Service interruptions go beyond mere inconvenience — they translate directly into business losses.

Direct costs: Revenue loss (an e-commerce platform outage of one hour can mean hundreds of millions in losses), SLA penalty payments, recovery labor costs.

Indirect costs: Brand trust erosion, customer churn, reputational damage from media coverage, regulatory sanctions.

AWS suffered a major outage in 2021 that impacted thousands of services simultaneously, and Meta's 6-hour outage in 2021 was estimated to cost approximately $600 million. These examples justify the investment in HA.

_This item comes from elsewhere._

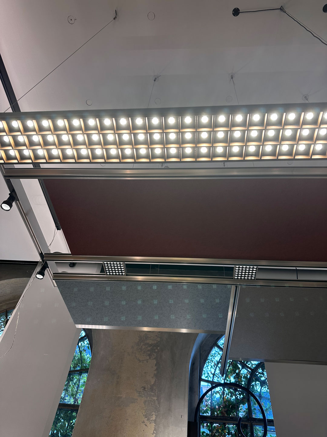 - The panels are installed using a wide range of fasteners depending on requirements: on walls with springs to be screwed onto the panel, on ceilings they can be suspended using steel tie rods (suspension kit) or other custom-made fastening systems.

SPOF (Single Point of Failure) Analysis

A SPOF is a single component whose failure causes the entire system to stop. The core of HA design is identifying and eliminating all SPOFs.

Web Server Layer SPOF

When only a single Nginx server is running, an Nginx process crash, server hardware failure, or network card defect blocks all traffic.

[Before - SPOF Present]
Client → Nginx (single) → Tomcat

[After - SPOF Eliminated]
Client → VIP (Keepalived) → Nginx Master
→ Nginx Backup (standby)

WAS (Application Server) Layer SPOF

A single Tomcat instance becomes a SPOF due to service interruption during deployment, JVM OutOfMemoryError, or process termination from application bugs.

DB Layer SPOF

The DB is the most severe SPOF. Simple redundancy is difficult due to data integrity requirements, and failures risk data loss.

[DB SPOF Resolution]
Primary DB ──(synchronous replication)──▶ Standby DB

└── On failure, Standby is promoted to Primary

Load Balancer Layer SPOF

To prevent the ironic situation where the load balancer itself becomes a SPOF, the load balancer must also be redundant. Using Keepalived + VRRP to share a VIP (Virtual IP) is the standard approach.

Network Layer SPOF

Network equipment such as switches, NICs, and uplinks can also become SPOFs. Resolve with NIC Bonding, dual-switch configurations, and multi-ISP connections.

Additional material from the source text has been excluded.